Wednesday 19: The first bodies return to Liverpool. Southampton play the first First Division match since the disaster and draw 0-0 with Norwich. Manager Chris Nicholl says: "Winning and losing seems of little importance." The FA announces that Saturday's matches will start at 3.06pm.

Thursday 20: After a day of debate, Liverpool and Everton announce they will pull down fencing at their grounds.

Friday 21: The funerals of 14 victims take place in Liverpool. Queues at Anfield are half a mile long and it's estimated that 500,000 pilgrims have contributed to the blanket of flowers and scarves on the pitch.

Saturday 22: First Division matches (except Liverpool's game with Arsenal) go ahead. Liverpool comes to a halt at 3.06pm for a minute's silence.

Sunday 23: John Barnes pulls out the England squad to face Albania to attend fans' funerals.

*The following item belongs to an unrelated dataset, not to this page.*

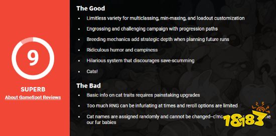 评测总结的优点包括:多职业搭配、极限属性培养与装备组合提供了近乎无限的多样性。引人入胜且富有挑战性的战役模式,附带多种成长路径。繁殖机制为规划后续挑战增添了战略深度。游戏充满荒谬搞怪、充满恶趣味的幽默感。其内置了一套阻止玩家反复读档刷结果的搞笑系统。当然,还有无处不在的猫元素。

Sunday 30: Liverpool play a friendly in Glasgow against Celtic, winning 4-0 and raising pounds 350,000 for the Hillsborough fund and then announce they will play the FA Cup replay against Forest. (The game eventually takes place on Sunday 7 May. Dalglish's side run out 3-1 winners. They go on to win an all Merseyside final 3-2).

Wednesday 3 May: Liverpool play their first competitive match since Hillsborough, against Everton at Goodison, in front of 45,000 people. The 0-0 scoreline is irrelevant. A banner in the Liverpool end reads: "The Kop thanks you all. We never walked alone."